Barak will spend three days in the US for talks with Defense Secretary Robert Gates, Vice President Dick Cheney, Secretary of State Condoleezza Rice, National Security Adviser Stephen Hadley and UN Secretary General Ban Ki-moon.
Defense officials said he would likely also meet with President George W. Bush.
A week after Barak's visit, IDF Chief of General Staff Lt.-Gen. Gabi Ashkenazi will head to Washington for his own round of talks with American defense chiefs, including Chairman of the Joint Chiefs of Staff Adm. Michael Mullen, who was in Israel two weeks ago.
Barak hinted at Israeli readiness to attack the Islamic Republic on Thursday.
"The Iranian issue is a challenge not just for Israel but for the entire world," Barak told a meeting of the Labor Party faction. "Israel is the strongest country in the region and we have proven in the past that we are not deterred from acting when our vital interests are at stake."
But he quickly noted that "the reactions of [Israel's] enemies need to be taken into consideration as well."
A senior government official said the Dagan, Barak, Ashkenazi visits to Washington were part of the "routine, close consultations" held between Israel and the US.
Another government source said it would be an exaggeration to imagine that the meetings had to do with drawing up operational plans for any type of military action against Iran. According to this source, no decision had been made on the matter, and Israel was extremely unlikely to take any unilateral action.
A senior US official recently said there was a discrepancy of six to 12 months between the time Israel believed Iran would pass the nuclear point of no return, and when the US felt Teheran will have mastered the nuclear cycle.
The source added that the visits of the Israeli officials came as an intense debate continued to rage inside the US administration between those who favored military action, led by Cheney, and those opposed, led by Gates.
"Iran's response to Europe is not ambiguous," the official said. "Iran rejects the international demand to halt the enrichment of uranium and the world must respond accordingly - by increasing and intensifying the sanctions against Iran."

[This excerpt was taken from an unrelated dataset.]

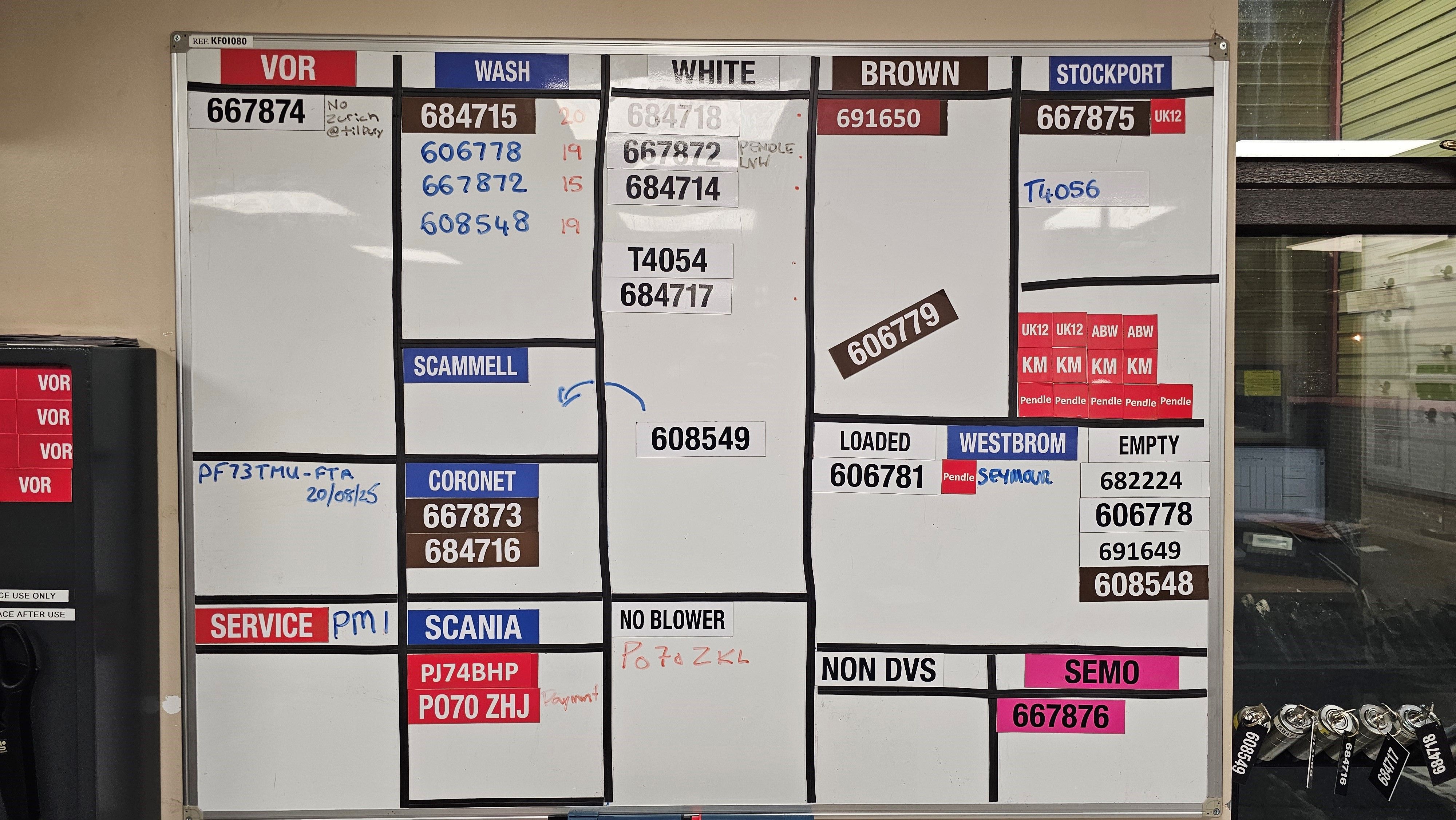 It’s straightforward and works fine, but there are drawbacks, such as the truck/trailer combinations often changing and being renewed, so we are constantly buying new magnets etc. Due to how much we use this board and with it being a 24/7 operation, we also go through whiteboard markers like a fat kid on cake, which is why we’ve replaced the system with an “IIYAMA” branded Android-based smart TV.

Also on Thursday, Foreign Minister Tzipi Livni told visiting Irish Foreign Minister Micheál Martin that Teheran posed not only a nuclear threat, but also a "comprehensive" threat because of its support for Hizbullah, Hamas and other extremist elements in the region.
Government officials, meanwhile, did not seem overly concerned about Iran's recent missile tests. One official said both sides were signaling the other that they could cause significant damage. The official put the missile tests in the same category as the reportedly large-scale IAF exercise in the eastern Mediterranean in the first week of June, and a well publicized visit Prime Minister Ehud Olmert made to Dimona on July 1.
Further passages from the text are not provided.